What about the food you eat, what heuristics do you apply there? Whether you’re already a healthy weight and want to stay that way, or you want to lose weight, you probably have a few rules about what you shovel into your intake port. Nothing high in fat? No soda? Something else entirely? One of my food heuristics is that I try to avoid eating anything with a lot of preservatives in it.
I must qualify this Tweet by pointing out that my family cooks unusually healthy meals and so I’m largely able to escape the American food trap I identified here. However, the sad fact is that most Americans aren’t eating well, and many probably don’t even realize just how bad their diet is. Enter Ultra-Processed People by Chris van Tulleken.
Ultra-Processed People gives us a new food heuristic: when crafting your diet you can largely ignore fat, sugar and carb content. Instead, pay attention to the extent to which a food has been processed. Ultra-processed food (UPF) is addictive, difficult for our body to process, and is likely the primary cause of the obesity epidemic. Even ostensibly “healthy” UPF like Lean Pockets or Beyond Meat are actually bad for your body and should be avoided.
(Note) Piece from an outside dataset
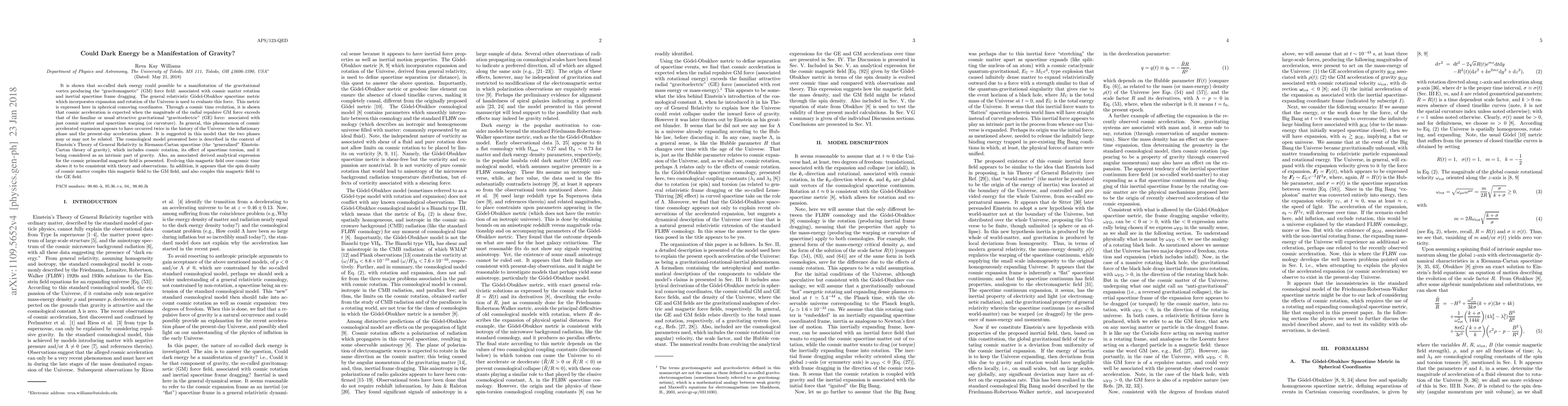 It is shown that so-called dark energy could possible be a manifestation of the gravitational vortex producing the "gravitomagnetic" (GM) force field: associated with cosmic matter rotation and inertial spacetime frame dragging. The general relativistic Godel-Obukhov spacetime metric which incorporates expansion and rotation of the Universe is used to evaluate this force. This metric is expressed here in spherical comoving coordinates. Through a cosmic time evolution, it is shown that cosmic acceleration is expected when the magnitude of the radial repulsive GM force exceeds that of the familiar or usual attractive gravitational "gravitoelectric" (GE) force: associated with just cosmic matter and spacetime warping (or curvature). In general, this phenomenon of cosmic accelerated expansion appears to have occurred twice in the history of the Universe: the inflationary phase and the present-day acceleration phase. It is suggested in this model that the two phases may or may not be related. The cosmological model presented here is described in the context of Einstein's Theory of General Relativity in Riemann-Cartan spacetime (the "generalized" Einstein- Cartan theory of gravity), which includes cosmic rotation, its effect of spacetime torsion, and it being considered as an intrinsic part of gravity. Also, an associated derived analytical expression for the cosmic primordial magnetic field is presented. Evolving this magnetic field over cosmic time shows it to be consistent with theory and observations. In addition, it appears that the spin density of cosmic matter couples this magnetic field to the GM field, and also couples this magnetic field to the GE field.

If this thesis is correct, Ultra-Processed People could revolutionize how we think about what we eat and the steps we take to finally get America’s obesity epidemic under control.
UPF now makes up as much as 60 per cent of the average diet in the UK and the USA. Many children, including my own, get most of their calories from these substances. UPF is our food culture, the stuff from which we construct our bodies. If you are reading this in Australia, Canada, the UK or the USA, this is your national diet.
Let’s define our terms. Our rule of thumb is that if a product contains ingredients that you wouldn’t find in a well-stocked kitchen, it’s probably UPF. For example, my peanut butter contains hydrogenated palm oil and my guava juice contains xanthan gum. This means that both of these products are technically UPF, as they contain ingredients that have been heavily processed.
UPF exists on a scale. A product may contain trace amounts of UPF ingredients, like these local food bars that contain soy protein isolate and vanilin, but are otherwise made from wholesome ingredients.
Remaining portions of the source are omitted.